Intriguingly, recent behavioral findings show a strong dependency between changes in fluid and crystallized abilities in aging8. Relatedly, well-preserved episodic memory in aging has been shown to generalize to executive function and processing speed5,9. Such commonalities direct attention toward domain-general drivers of maintenance, and the possibility of general brain maintenance has been proposed10. Generality implies that a certain form of brain and cognitive maintenance generalizes to other kinds of maintenance. Testing the generality of maintenance requires longitudinal data on multiple markers of cognition and brain integrity.

Here, we analyzed 5-year longitudinal data from 124 older participants in the Cognition, Brain, and Aging (COBRA) study11,12. A numerical 3-back WM task was administered in the magnetic resonance imaging (MRI) scanner as well as during offline testing, and stability or decline was jointly determined by in-scanner and offline performance on this demanding WM task. The stable and declining groups were also compared on offline measures of crystallized (vocabulary) and fluid (processing speed) abilities, which in our previous cross-sectional analyses were related to WM performance13.

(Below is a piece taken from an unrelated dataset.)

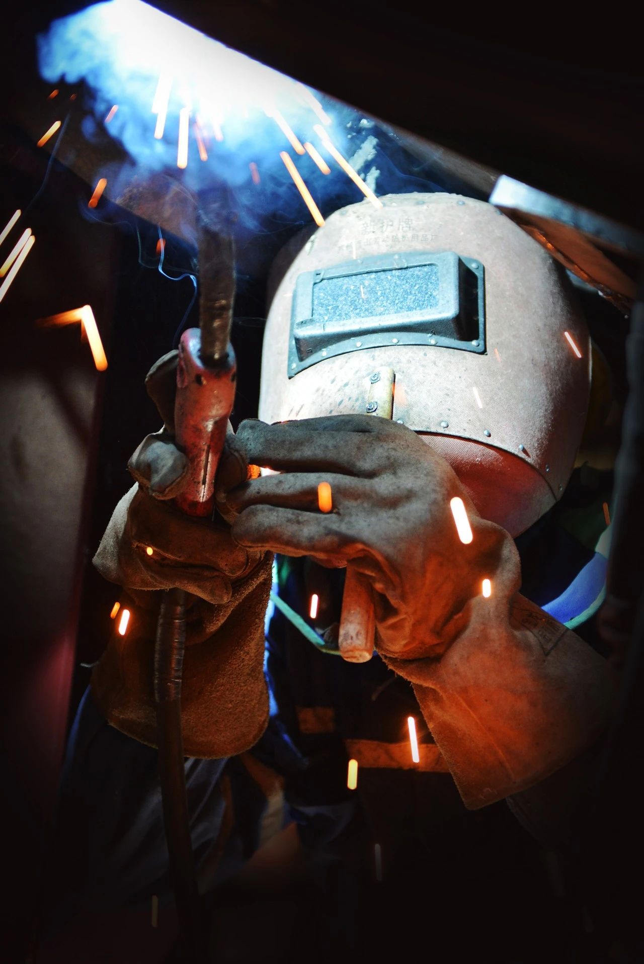 一位“全副武裝”正在進行焊接作業的焊工,焊花飛舞在狹小的工間里,折射出如彩云般的景象,猶如巨人正在“補天”。

Next, WM behavior was related to PFC functional responses. At baseline, given that the groups would have comparable WM performance we predicted comparable levels of brain activity, alternatively higher activity in the decline group reflecting compensation for emerging change14,15. In the longitudinal analyses, based on meta-analytic evidence of robust age differences in PFC activity during n-back task performance16, we predicted that individuals with longitudinal decline would show reduced PFC activity over time whereas stable WM performance would relate to maintained PFC function7.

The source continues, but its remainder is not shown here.